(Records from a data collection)
********

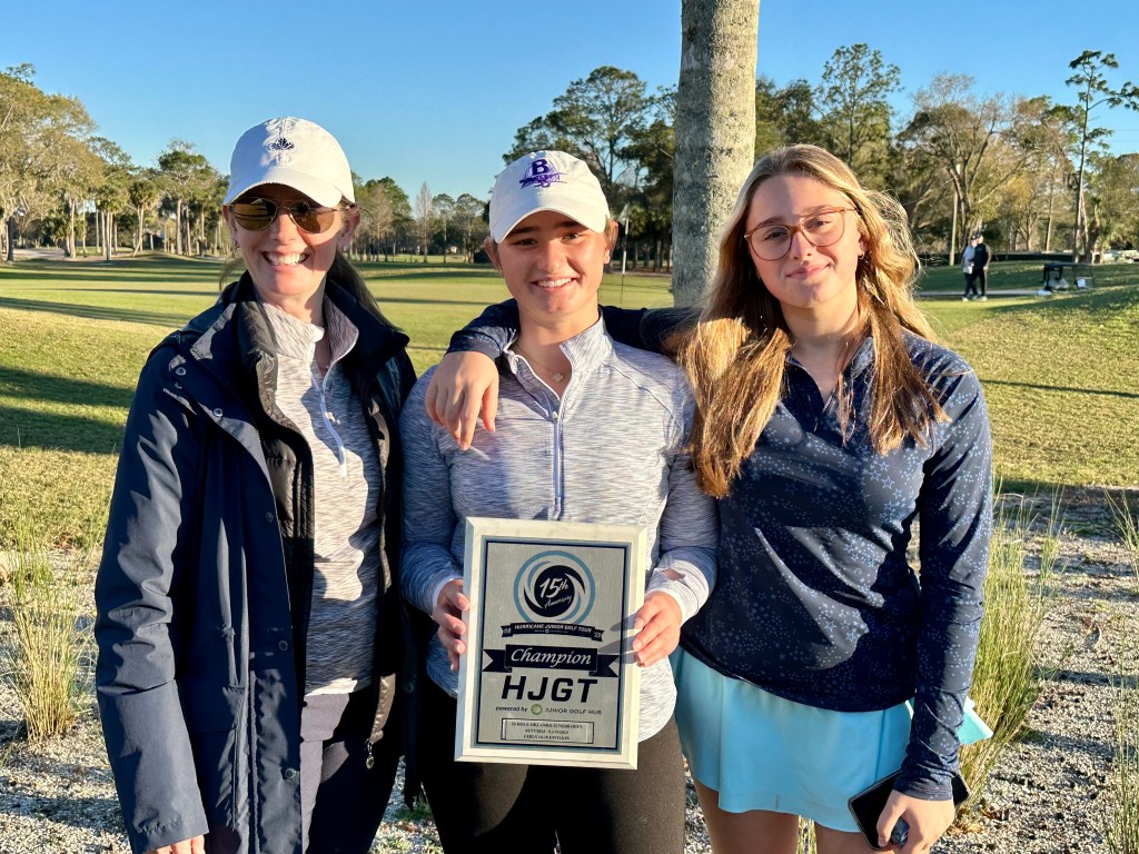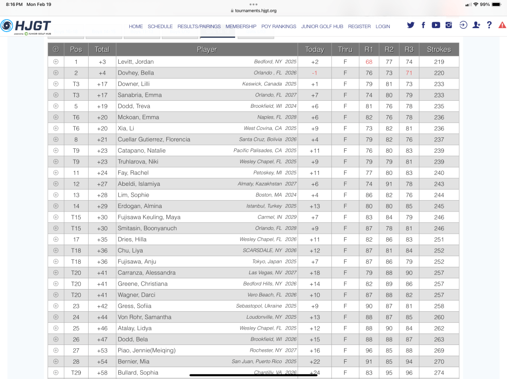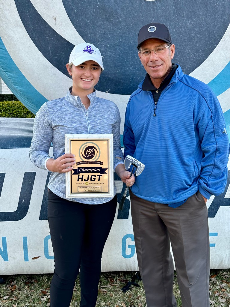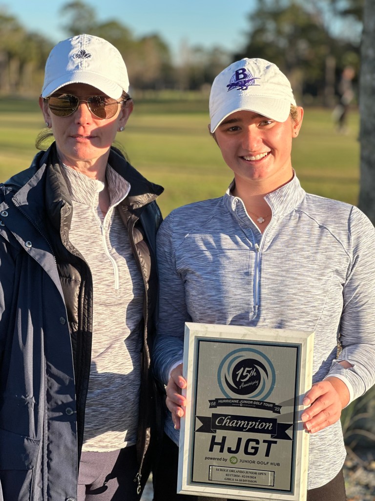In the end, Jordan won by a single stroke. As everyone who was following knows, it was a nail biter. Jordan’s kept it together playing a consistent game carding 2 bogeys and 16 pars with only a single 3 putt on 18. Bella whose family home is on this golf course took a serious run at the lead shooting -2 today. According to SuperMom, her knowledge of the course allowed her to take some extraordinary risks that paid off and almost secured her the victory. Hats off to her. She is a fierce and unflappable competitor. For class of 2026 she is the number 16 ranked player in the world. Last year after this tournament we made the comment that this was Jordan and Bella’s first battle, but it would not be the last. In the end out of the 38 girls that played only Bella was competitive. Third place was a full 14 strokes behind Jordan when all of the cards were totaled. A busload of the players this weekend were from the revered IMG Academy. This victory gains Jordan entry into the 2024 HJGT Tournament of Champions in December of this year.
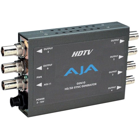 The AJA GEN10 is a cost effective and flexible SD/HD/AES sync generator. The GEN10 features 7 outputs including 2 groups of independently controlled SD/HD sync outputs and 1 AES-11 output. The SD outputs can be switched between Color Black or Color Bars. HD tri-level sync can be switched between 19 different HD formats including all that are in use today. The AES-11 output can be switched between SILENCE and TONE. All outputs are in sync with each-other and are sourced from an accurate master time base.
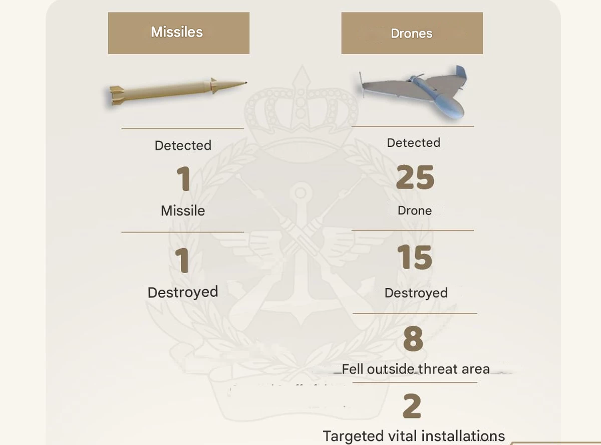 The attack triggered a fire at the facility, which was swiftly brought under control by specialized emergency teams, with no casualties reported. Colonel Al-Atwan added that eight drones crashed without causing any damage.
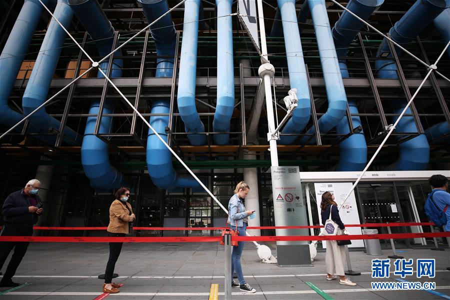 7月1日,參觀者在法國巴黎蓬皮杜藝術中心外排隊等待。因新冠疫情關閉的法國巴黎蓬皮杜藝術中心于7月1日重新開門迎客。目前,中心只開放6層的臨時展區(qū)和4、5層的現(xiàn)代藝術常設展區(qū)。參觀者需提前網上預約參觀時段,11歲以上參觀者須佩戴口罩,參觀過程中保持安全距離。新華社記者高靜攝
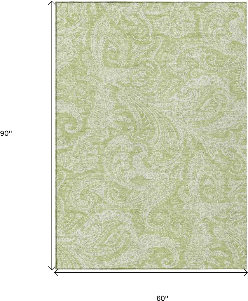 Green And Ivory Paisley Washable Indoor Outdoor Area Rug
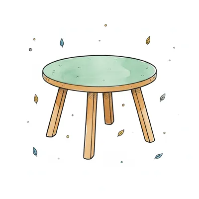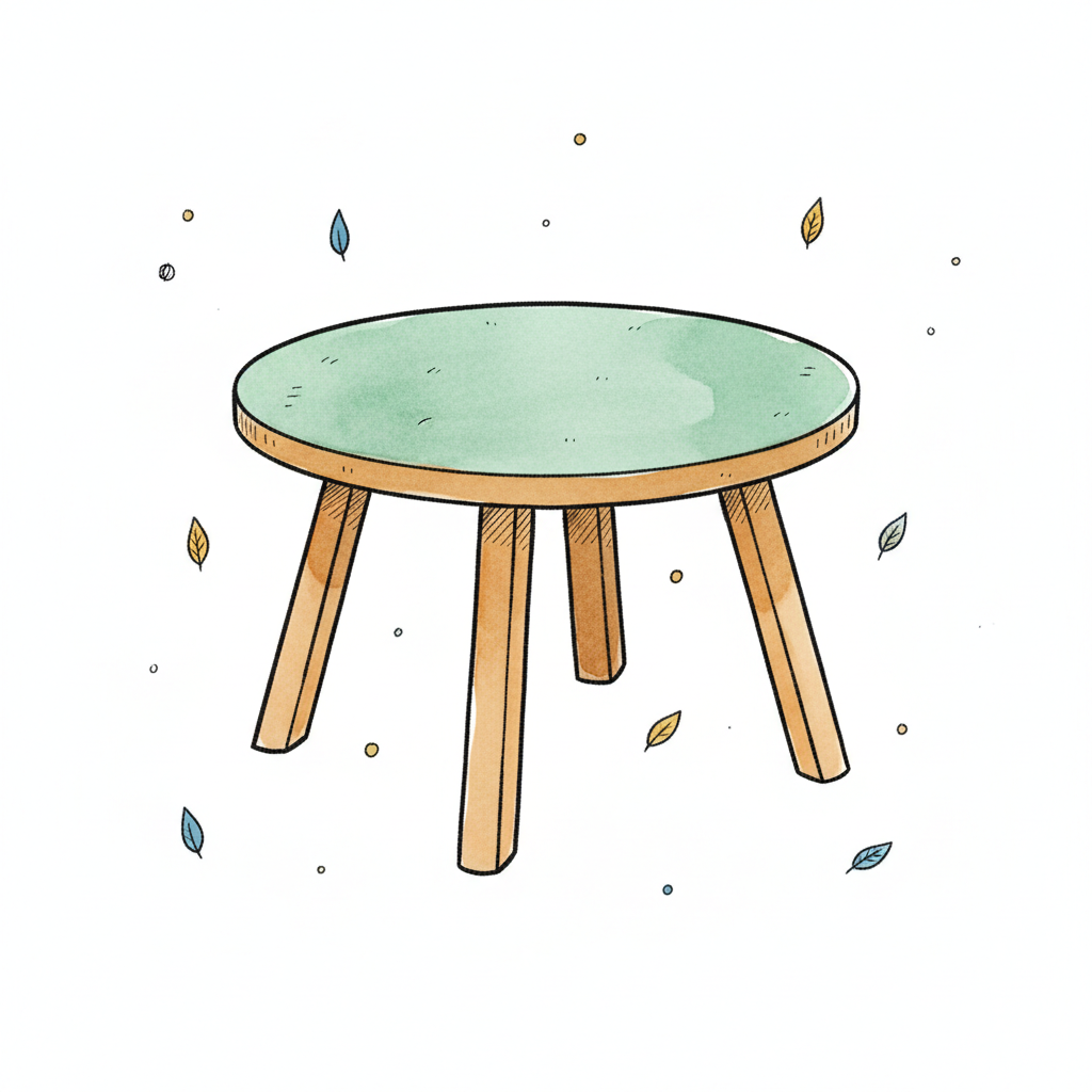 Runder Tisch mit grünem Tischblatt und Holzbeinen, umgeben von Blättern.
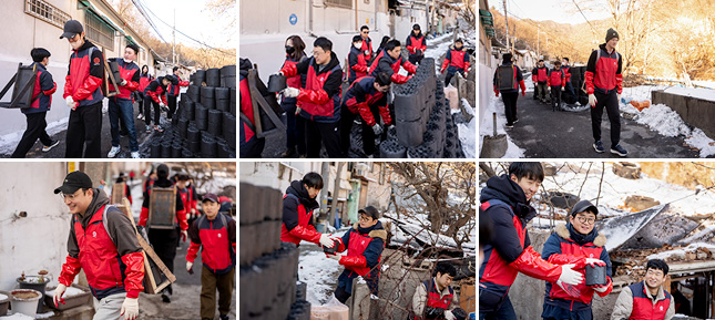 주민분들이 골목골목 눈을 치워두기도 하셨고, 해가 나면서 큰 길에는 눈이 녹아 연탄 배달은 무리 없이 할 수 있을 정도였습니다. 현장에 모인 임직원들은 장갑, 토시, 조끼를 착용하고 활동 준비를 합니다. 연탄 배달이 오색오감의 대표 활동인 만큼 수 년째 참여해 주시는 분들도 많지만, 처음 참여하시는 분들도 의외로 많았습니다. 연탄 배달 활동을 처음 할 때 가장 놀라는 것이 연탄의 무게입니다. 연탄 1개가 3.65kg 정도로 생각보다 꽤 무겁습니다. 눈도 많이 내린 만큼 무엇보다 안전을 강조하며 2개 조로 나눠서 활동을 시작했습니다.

********

Directions for this task. What is needed is a word-for-word copy of the lines from the start of the data to the line with "The AJA GEN10", inclusive, with no pictures in it.

Output of the task.
In the end, Jordan won by a single stroke. As everyone who was following knows, it was a nail biter. Jordan’s kept it together playing a consistent game carding 2 bogeys and 16 pars with only a single 3 putt on 18. Bella whose family home is on this golf course took a serious run at the lead shooting -2 today. According to SuperMom, her knowledge of the course allowed her to take some extraordinary risks that paid off and almost secured her the victory. Hats off to her. She is a fierce and unflappable competitor. For class of 2026 she is the number 16 ranked player in the world. Last year after this tournament we made the comment that this was Jordan and Bella’s first battle, but it would not be the last. In the end out of the 38 girls that played only Bella was competitive. Third place was a full 14 strokes behind Jordan when all of the cards were totaled. A busload of the players this weekend were from the revered IMG Academy. This victory gains Jordan entry into the 2024 HJGT Tournament of Champions in December of this year.
 The AJA GEN10 is a cost effective and flexible SD/HD/AES sync generator. The GEN10 features 7 outputs including 2 groups of independently controlled SD/HD sync outputs and 1 AES-11 output. The SD outputs can be switched between Color Black or Color Bars. HD tri-level sync can be switched between 19 different HD formats including all that are in use today. The AES-11 output can be switched between SILENCE and TONE. All outputs are in sync with each-other and are sourced from an accurate master time base.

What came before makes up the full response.